- The Washington Times - Sunday, December 7, 2003

Montgomery County is using a get-tough tactic to reduce traffic congestion, one that would fine employers that fail to offer workers alternatives to driving alone to their jobs.

County officials have been notifying employers that they must submit plans describing how they will encourage employees to use public transit, telecommute, walk to work or carpool more often.

Employers of 50 or more workers must meet a Jan. 1 deadline if the county has notified them they must submit plans. Employers with 25 to 49 employees have until Jan. 1, 2005.

About 100,000 employees would be affected.

The county ordinance, which took effect March 6, allows employers to be fined up to $75 per day if they fail to submit the “traffic-mitigation plans” or if they submit inadequate plans. They could be sentenced to jail for refusing to pay the fines.

“It’s just like with parking tickets, if you don’t pay them you could go to jail,” said Sandra Brecher, Montgomery County Commuter Services administrator. “We are hoping not to impose any penalties.”

The strategy is the first in the D.C. area to propose fines for employers that fail to comply with a traffic-reduction plan. It applies to employers in densely populated areas, such as Silver Spring, Friendship Heights and Bethesda.

It was adopted as part of the county’s annual growth policy, a strategy for ensuring that public facilities such as roads and schools are adequate for the demands placed on them.

“The reality is that 71 percent of people in Montgomery County drive to work alone,” said Steve Silverman, Montgomery County Council president. “If we continue at a 71 percent drive-alone rate, there aren’t going to be enough roads that could be built in the Washington area to accommodate the traffic congestion.”

The legislation requiring traffic plans, which was approved unanimously by the County Council, is an effort “to put some teeth into these programs,” Mr. Silverman said.

Requirements on employers are minimal and intended merely to create a groundswell of support for alternative transportation, he said.

“If they wanted to comply with the law, the minimum they would need to do is provide information to their employees about transit options,” Mr. Silverman said.

Montgomery County modeled its plan on programs in Los Angeles, Seattle and Phoenix.

The flexible standards consist largely of responding to a 23-point checklist of alternative transportation options.

In the past six months, more than 130 Montgomery County employers have submitted their traffic plans.

“Their plan has to be reviewed and accepted by the county,” Miss Brecher said. “We also have developed a model plan for them to use. We will not accept a plan that says, ‘We will do nothing.’”

Bethesda employers Lockheed Martin Corp. and Marriott International Inc. have submitted plans saying they reserve parking spots near entrances to their buildings for van pools and provide bicycle racks for employees.

County officials say they never have fined an employer for failing to comply with the county ordinance and downplay the risk of penalties.

The ordinance also requires employers to participate in the county’s annual commuter survey and submit annual reports describing their progress in reducing traffic congestion.
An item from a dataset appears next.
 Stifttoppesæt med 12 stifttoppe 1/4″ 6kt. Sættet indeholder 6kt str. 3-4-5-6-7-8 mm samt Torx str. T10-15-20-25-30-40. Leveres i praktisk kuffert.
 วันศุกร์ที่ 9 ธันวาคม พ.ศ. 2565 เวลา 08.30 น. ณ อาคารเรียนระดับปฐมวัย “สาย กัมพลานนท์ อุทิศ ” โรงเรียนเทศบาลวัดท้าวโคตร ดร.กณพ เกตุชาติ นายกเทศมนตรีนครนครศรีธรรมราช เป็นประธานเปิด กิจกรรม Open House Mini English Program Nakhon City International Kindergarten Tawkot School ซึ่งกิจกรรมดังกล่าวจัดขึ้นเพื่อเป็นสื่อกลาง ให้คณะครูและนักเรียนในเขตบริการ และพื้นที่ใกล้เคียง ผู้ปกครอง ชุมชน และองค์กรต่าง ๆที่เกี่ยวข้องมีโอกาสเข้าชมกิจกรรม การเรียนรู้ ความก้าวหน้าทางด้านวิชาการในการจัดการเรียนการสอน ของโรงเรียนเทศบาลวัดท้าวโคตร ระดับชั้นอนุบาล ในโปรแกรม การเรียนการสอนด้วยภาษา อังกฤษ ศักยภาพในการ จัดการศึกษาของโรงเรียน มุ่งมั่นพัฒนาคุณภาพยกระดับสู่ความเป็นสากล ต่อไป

Bob Grow, Greater Washington Board of Trade spokesman, said other local officials have considered but never implemented such tactics.

“It didn’t go anywhere,” Mr. Grow said. “People need to use their cars often to get to work and to run trips. It’s a commendable effort. Its success in reality remains to be seen.”
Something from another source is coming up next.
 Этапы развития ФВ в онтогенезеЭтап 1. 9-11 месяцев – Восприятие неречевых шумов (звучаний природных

Nick Ramfos, commuter-services director for the Metropolitan Washington Council of Governments, said, “This is the first time something like this has been tried. It’s going to be interesting to see how it gels together. I think there are some positive things that are going to come out of it.”

Montgomery County’s Department of Public Works and Transportation started mailing employers notification letters in the spring giving employers 90 days to submit their plans.

Miss Brecher said the county would follow up to ensure employers are complying with the strategies.

Among employers already participating in the program is FDC Reports Inc. of Chevy Chase, a health care industry newsletter company. It offers its 106 employees transit discounts and a guaranteed-ride-home program.

“It really hasn’t been a problem for us,” said John Zakotnik, FDC Reports vice president. “It just hasn’t required that much time. There’s a little paperwork, but it’s not onerous.”

Pat Lute, spokeswoman for Discovery Communications, said the Silver Spring company had no objections to the traffic-plan requirement.

Other counties and cities in the D.C. area require businesses to submit plans for reducing traffic, but the laws consist mostly of requiring large real estate developers to contribute to a fund that promotes alternative transportation.